House and Mortgage data
Data this week comes from the Freddie Mac House Price Index at both the State and National level. The original source can be found here.
The House Price Index (HPI) is a broad measure of the movement of single-family house prices. The HPI is a weighted, repeat-sales index, meaning that it measures average price changes in repeat sales or refinancings on the same properties. This information is obtained by reviewing repeat mortgage transactions on single-family properties whose mortgages have been purchased or securitized by Fannie Mae or Freddie Mac since January 1975. - Quote from Federal Housing Finance Agency
Hint: A useful summary statistic could be the 12-month (yearly) percent change in the Price Index (eg is the price index rising or falling?).
We also have mortgage rates for fixed 30, fixed 15, and adjustable 5-1 Hybrids across time. Some of the data was only introduced in the 1990s and late 2000s, and as such some information can only be pulled from more recent data.

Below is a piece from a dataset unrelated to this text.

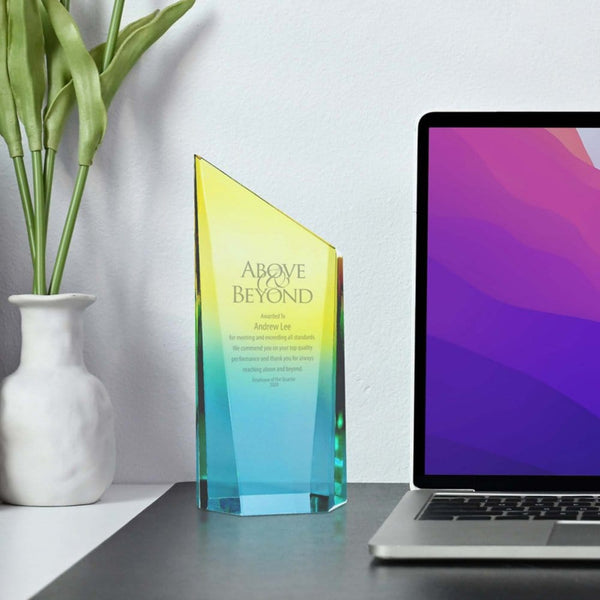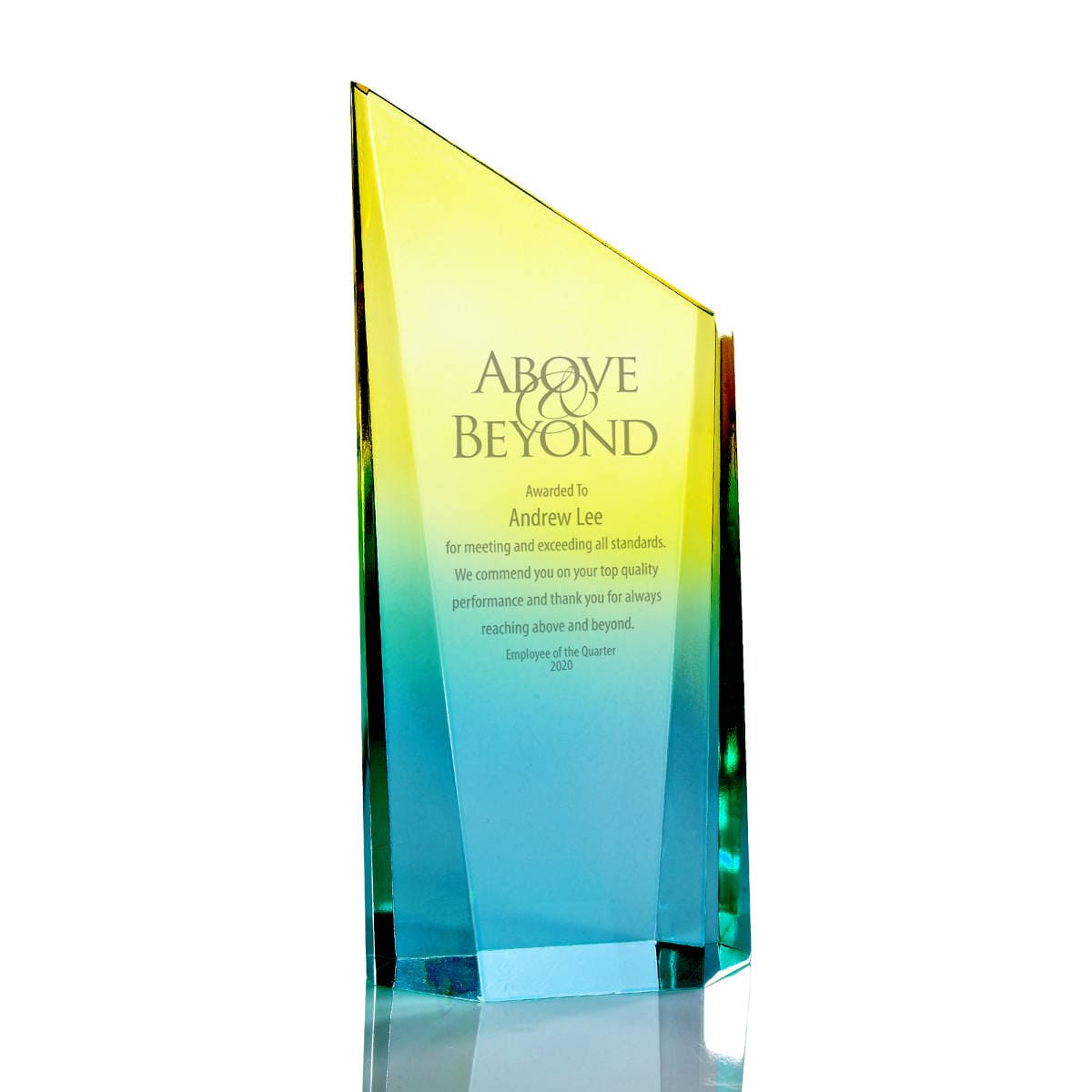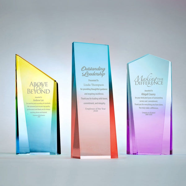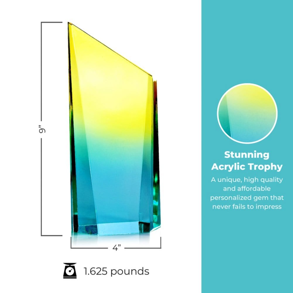 Each trophy in the collection is crafted from durable acrylic and designed for full personalization—perfect for year-end recognition awards, milestone achievements, or peer-nominated honors. The ombre finish adds depth and color without distracting from your engraved message.

Lastly, we have included some recession dates in the US - the Great Recession (2007) had some major effects across many industries and markets. You can read more about some of the recent changes here from Fortune.
Grab the Data Here
or read the data directly into R!
state_hpi <- readr::read_csv("https://raw.githubusercontent.com/rfordatascience/tidytuesday/master/data/2019/2019-02-05/state_hpi.csv") mortgage_rates <- readr::read_csv("https://raw.githubusercontent.com/rfordatascience/tidytuesday/master/data/2019/2019-02-05/mortgage.csv") recession_dates <- readr::read_csv("https://raw.githubusercontent.com/rfordatascience/tidytuesday/master/data/2019/2019-02-05/recessions.csv")
|year||date - integer||Year|
|month||date - integer||Month|
|price_index||double||Calculated House Price Index - average price changes in repeat sales or refinancings at state level|
|us_avg||double||Calculated House Price Index - averaged at national level|
- Please notice that 30 year fixed rate data goes back to 1971, while the 15 year data begins in 1991 and the adjustable 5-1 Hybrid begins in 2005.
|fixed_rate_30_yr||double||Fixed rate 30 year mortgage (percent)|
|fees_and_pts_30_yr||double||Fees and percentage points of the loan amount|
|fixed_rate_15_yr||double||Fixed rate 15 year mortgage (percent)|
|fees_and_pts_15_yr||double||Fees and percentage points of the loan amount|
|adjustable_rate_5_1_hybrid||double||5-1 Hybrid Adjustable rate mortgage (5 year fixed, then annual adjustable rate)|
|fees_and_pts_5_1_hybrid||double||Fees and percentage points of the loan amount|
|adjustable_margin_5_1_hybrid||double||A fixed amount added to the underlying index to establish the fully indexed rate for an ARM.|
|spread_30_yr_fixed_and_5_1_adjustable||double||Difference in rate between 30 year fixed and 5-1 adjustable|
- You should probably just go to the Wikipedia article - but this is a small list of recessions in the USA.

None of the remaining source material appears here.